Он вошел опять в спальню. Вдруг, взглянув случайно на большой серебряный сосуд с ручкой, стоявший всегда подле туалета, как драгоценный подарок князя, он увидал, что из него торчат тоненькие, маленькие ножки.

— Боже! — воскликнул он в ужасе. — Если не ошибаюсь, это ножки их превосходительства, моего господина. Ваше превосходительство, что это вы?

Ножки оставались недвижны. Поняв все величие опасности, в которой находилось его превосходительство, камердинер откинул всякое уважение и схватил его за ноги. Он был мертв. На громкие вопли камердинера сбежалась вся дворня. Послали за лейб-медиком. Между тем верный камердинер обтер труп своего господина, положил его на постель и укрыл шелковым одеялом, так что видна была только маленькая, сморщившаяся мордочка.

Тут вошла девица фон-Розеншён, только что успокоившая толпу Бог знает каким образом. Она подошла к холодному трупу, а за ней старая Лиза, родная мать крошки Цахеса. Мертвый Циннобер казался лучше, чем при жизни. Крохотные глазки его закрылись, уста улыбались, а черные волосы рассыпались длинными роскошными локонами. Девица фон-Розеншён провела несколько раз рукою по волосам и снова заблестела огнистая полоска, но уже тусклее.

— А! — воскликнула девица фон-Розеншён радостно. — Ты сдержал свое слово, великий Проспер Альпанус! Он избег позора!

— Ах, Боже мой! — завопила старая Лиза. — Да это не крошка Цахес! Мой Цахес никогда не был так хорош. Так я напрасно пришла в город. Зачем же обманули вы меня, прекрасная госпожа?

— Не ропщи, старушка, — возразила девица. — Если б ты выполнила мой совет в точности и не предупредила меня, все пошло бы иначе. Повторяю еще раз, покойный — твой сын, твой крошка Цахес.

— Ну, если он в самом деле мой сын, — воскликнула старушка с блестящими от радости глазами, — так я наследница всех этих драгоценностей, этого дома!

— Нет, — сказала девица, — ты пропустила настоящее мгновение, в которое могла приобресть и богатство, и почести. Я уж сказала тебе однажды, что богатство не суждено вам.

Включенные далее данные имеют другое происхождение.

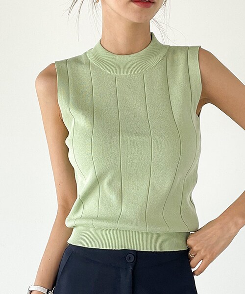 [COMMENT]豊富なカラー展開が魅力的なノースリーブです。端正なネックラインでレイヤードコーデにも♪柔らかい生地も快適でバミューダパンツと相性◎・ハーフネック ・ニット・ワイドリブ×リブヘム ・クロップド丈※明るい色味は透け感が気になる場合がございます。スキントーンの下着とお召しいただくと安心です。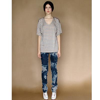 Altro trattamento 10 e lode del momento, il marmorizzato o acid wash che dir si voglia. Ad un occhio poco attento potrebbe risultare fratello gemello dello stone wash, in realtà è frutto di un finissaggio, ottenuto con un lavaggio in acqua,cloro e pietra pomice, che rende possibile l’effetto striato di contrasto tra il blu ed il bianco. Ricco di venature e riflessi, diventa irresistibile sulle tonalità più accese ed inaspettate.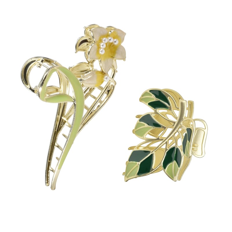 Yonchic 2-Piece Multiple Shapes Metal Hair Clips, Lily Hair Claws for Thin/Medium Thick Hair, Elegant Leaves Barrettes Strong Hold Hair Clamps Non Slip Cute Hair Catch Clip Accessories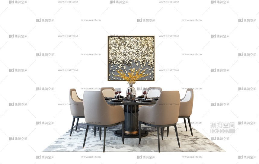 X25-0417餐桌椅组合 3d模型下载 [模型ID:3107]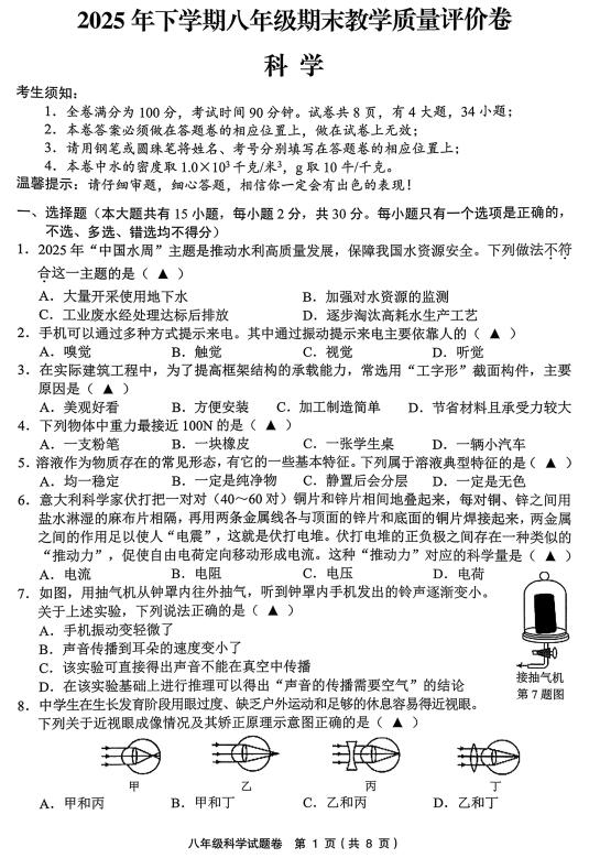浙江省金华市义乌市2025年下学期八年级期末教学质量评价卷 科学(扫描PDF版,含答案+答题卷)

— Так по крайней мере отдайте мне моего крошку, — вопила старушка со слезами на глазах. У нашего пастора много чучел; он набьет и моего крошку Цахеса, и я поставлю его, в этом красном кафтане с широкой лентой и с звездой, на шкап, на вечную память.

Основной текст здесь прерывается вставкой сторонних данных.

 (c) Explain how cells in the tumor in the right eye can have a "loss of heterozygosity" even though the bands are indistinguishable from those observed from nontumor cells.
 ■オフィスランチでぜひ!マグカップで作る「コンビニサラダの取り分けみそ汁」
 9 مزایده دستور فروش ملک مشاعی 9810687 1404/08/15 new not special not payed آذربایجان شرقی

— Ты не помнишь, что ты говоришь, — заметила девица почти с досадой.

Старуха начала рыдать и вопить.

— Ну, что же мне, что мой крошка Цахес сделался богатым, знатным господином, — говорила бедная. — Если б он остался у меня, никогда не попал бы он в эту проклятую лохань; он жил бы еще и теперь, и я видела бы от него еще много радостей. По-прежнему носила бы я его в плетенке, и люди помогали бы мне из сострадания.

В сенях раздались шаги. Девица фон-Розеншён выслала старуху, сказав, чтоб она подождала ее у крыльца, и, подошед к трупу, наняла тихим, дрожащим от сострадания голосом:

— Бедный Цахес, невинный пасынок природы! Я желала тебе добра. Может быть, я поступила безрассудно, вообразив, что мой прекрасный дар проникнет в глубину души твоей и возбудит сознание, что ты не тот, за кого тебя принимают, что по крайней мере постараешься уподобиться тому, на чьих крылах возносился все выше и выше. Но твой ленивый, безжизненный дух не пробуждался, ты оставался по-прежнему грубым, дерзким невеждой… О, если б ты был хотя немного поумнее, никогда не подвергся бы ты этой позорной смерти. Проспер Альпанус сделал, что тебя мертвого примут опять за то, чем ты был, по моему дару, при жизни. Почивай с миром, бедный крошка!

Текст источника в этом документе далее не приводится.